A Primer on Material Participation Rules for Real Estate Businesses, Part 2: Who is a Real Estate Professional? by Lacey Strachan
Taxpayers in Real Property Business. Although the general rule is that all rental activities are by definition passive, the Code has created an exception for certain professionals in the real estate business. A real estate professional (as that term is defined under Section 469(c)(7), the section that sets forth the exception to the rule that all rental activities are per se passive) is defined as a taxpayer who (1) spends more than 750 hours in the tax year working in a real property trade or businesses in which he materially participates and (2) performs more than one-half of his personal services during the tax year for real property trades or businesses.[i]
Definition of a real property trade or business.
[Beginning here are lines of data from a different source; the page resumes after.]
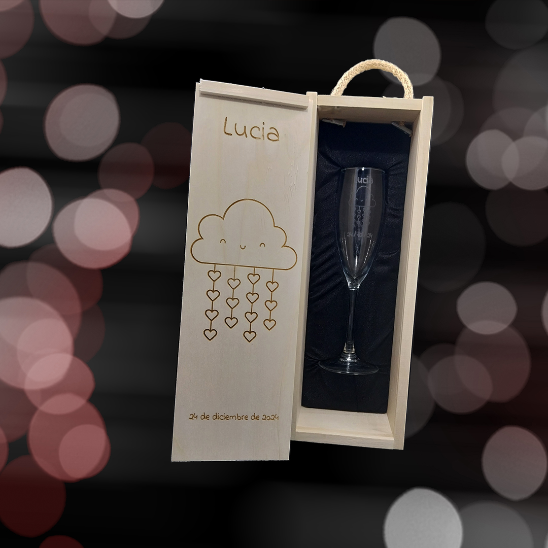 Kit de 1 copa de cava con estuche de madera personalizado modelo bautizo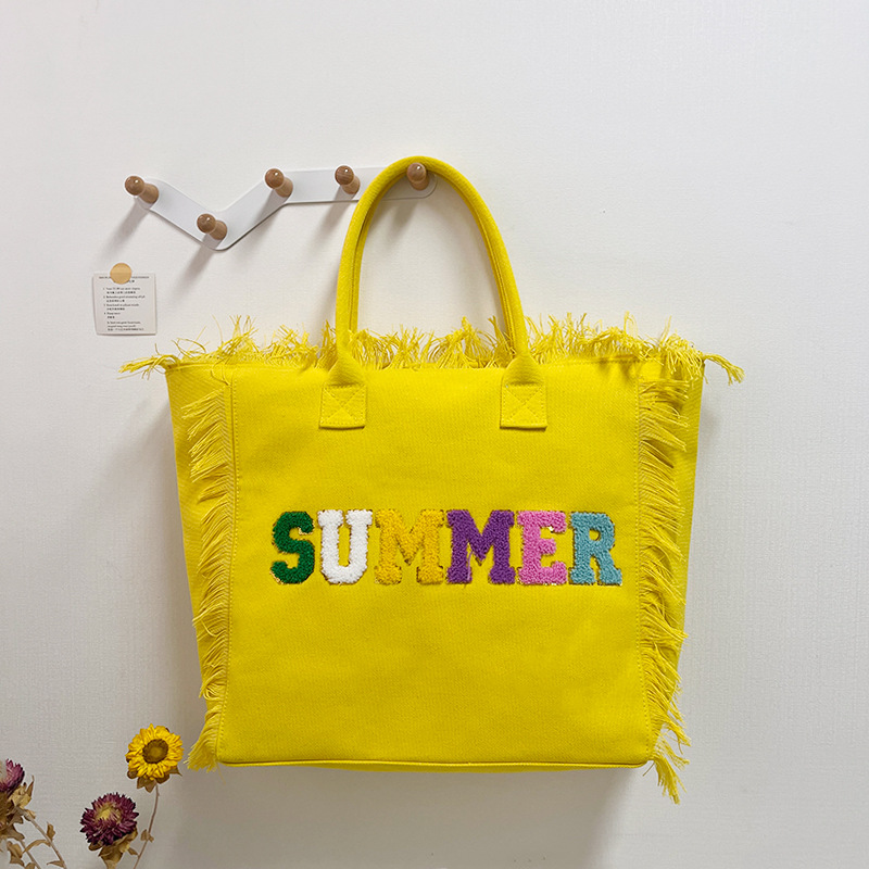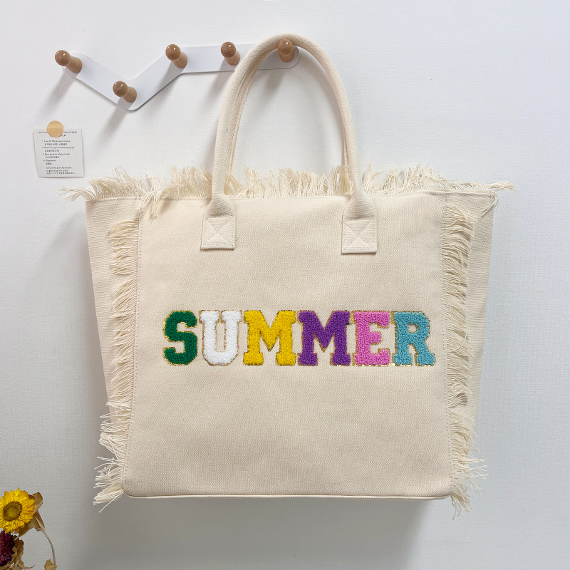 韩系时尚流苏手提包简约休闲帆布包学生通勤大容量托特包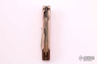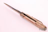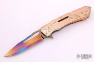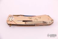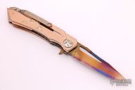 This Mini Mina by Dew Hara features a 15 layered VG-10 Core San Mai Damascus blade with Aurora finish, notched thumbrest and flipper. The handle has a satin finished and engraved copper frame and liners with a titanium tip up clip. #014. Comes with original box, pouch and papers. Excellent condition.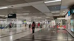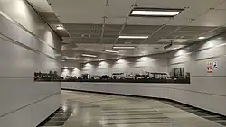 Commissioned as part of the MRT system's Art-in-Transit Programme,[b] Point of View by Matthew Ngui is a series of anamorphic images and text displayed all around the station. These texts and images, or according to the artist the "macro view of the images with the microcosmic perspective of the text", gives the work aesthetic interest and depth.[29][30] The seven images include a row of Housing Development Board (HDB) apartments displayed along a passageway, a tree at the north side of the concourse and a bus stop at the south side of the concourse. On the platforms, there are four images of clocks set at various times of day (morning, midday, evening and night) alongside some texts. These images were chosen to represent daily life.[30]

A “real property trade or business” is defined to include “any real property development, redevelopment, construction, reconstruction, acquisition, conversion, rental, operation, management, leasing, or brokerage trade or business.”[ii] Although this list is quite comprehensive, it is important to note that the definition of a real property business does not explicitly include real estate financing. In a recently issued Tax Court Summary Opinion, Hickam v. Commissioner (TC Summary Opinion 2017-66, August 17, 2017)[iii], the Tax Court held that a taxpayer who brokered real estate mortgages and originated residential and commercial loans was not a real estate professional within the meaning of Section 469(c)(7), because the taxpayer’s mortgage brokerage and loan origination businesses were not real property trade or business as defined in Section 469(c)(7)(C). The Tax Court concluded that although the loans he brokered and originated were secured by real property, his mortgage brokerage services and his loan origination services did not involve operating the real properties that secured those loans—although he had a “brokerage” trade or business, it was not a “real property brokerage.”
Qualifying as a Real Estate Professional. In determining whether a taxpayer qualifies as a real estate professional, the only hours that count towards the real estate professional test are those in which the taxpayer has an interest and materially participates. Services performed for a real estate business as an employee generally do not count for qualifying as a real estate professional, unless the taxpayer is at least a 5% owner of the employer. In the case of taxpayers filing a joint return, spouses may not combine their hours to satisfy these requirements.[iv] This differs from the rules applicable to satisfying the material participation rules, which allow spouses to combine hours worked.
If a taxpayer qualifies as a real estate professional, he avoids the per se passive rule for rental activities. However, he will still have to satisfy the material participation tests (subject to additional limitations applicable to rental activities), in order to establish that the rental activity is a non-passive activity for purposes of Section 469. These obstacles include prohibiting rental activities from being grouped with other real estate-related undertakings in applying the material participation tests, and prohibit a taxpayer from grouping his rental real estate activities together as a single activity, unless the taxpayer affirmatively makes an election to do so.
[i] IRC § 469(c)(7)(B).
[ii] IRC § 469(c)(7)(C).
[iii] Hickam v. Commissioner, Docket No. 3901-16S (TC Summary Opinion 2017-66, August 17, 2017), available here: https://www.ustaxcourt.gov/USTCInOP/OpinionViewer.aspx?ID=11368.
[iv] However, note that in satisfying the material participation test for purposes of determining whether an activity is a passive activity, hours contributed by the spouse may be included in the number of hours of participation by the taxpayer in the activity.